*Activity:*
Copy exactly the lines of the material below that fall between the line with "Prospect of Independence." and the line with "San Fernando Road Elevation", both of those lines included; pictures stay out.

*Data for processing:*

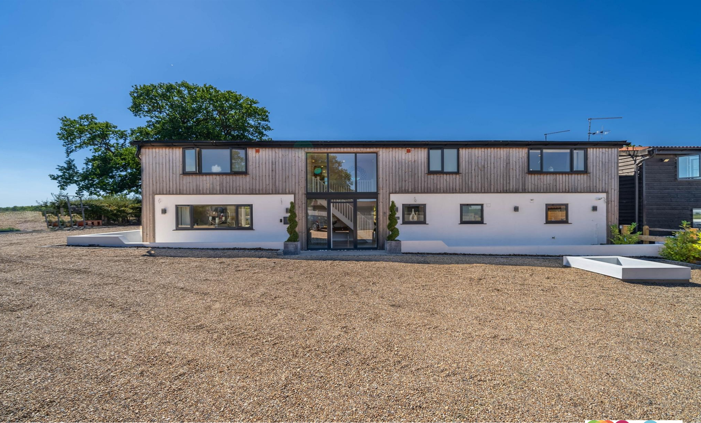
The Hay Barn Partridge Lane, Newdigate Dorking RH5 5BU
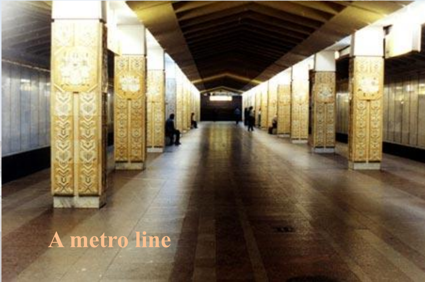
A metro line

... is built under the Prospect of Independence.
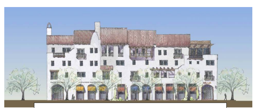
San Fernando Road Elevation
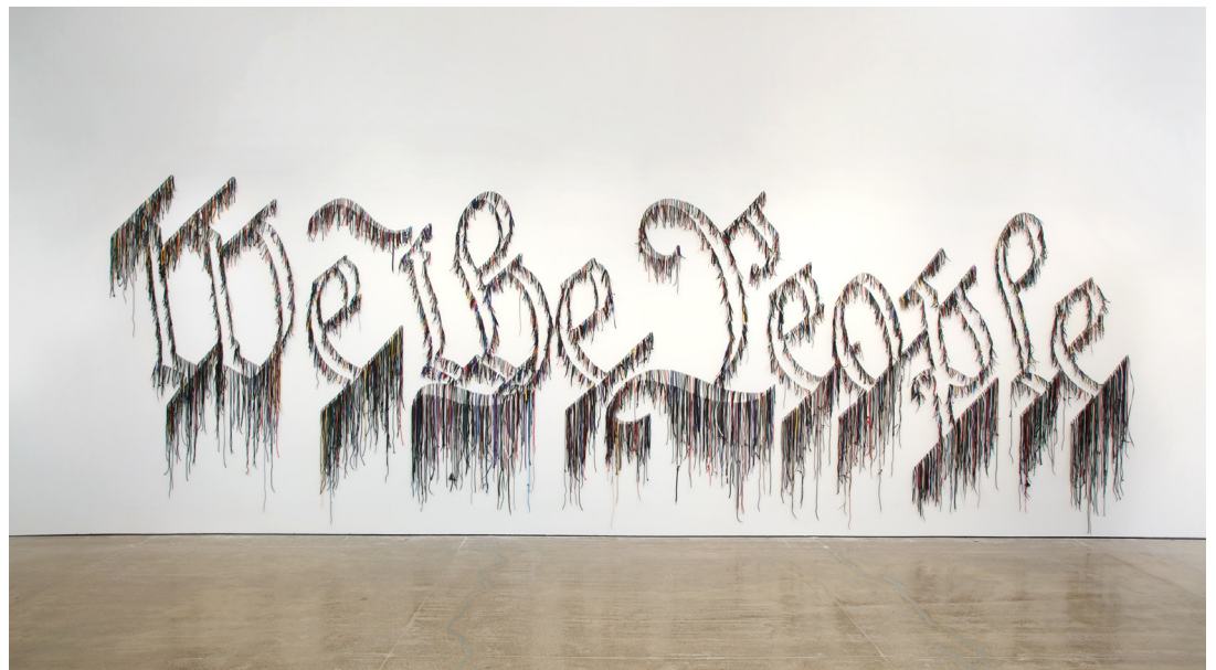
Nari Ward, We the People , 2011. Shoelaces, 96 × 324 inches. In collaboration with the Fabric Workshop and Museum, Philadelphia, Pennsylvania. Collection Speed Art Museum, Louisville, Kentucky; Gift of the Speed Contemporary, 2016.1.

*Response to the exercise:*
... is built under the Prospect of Independence.
San Fernando Road Elevation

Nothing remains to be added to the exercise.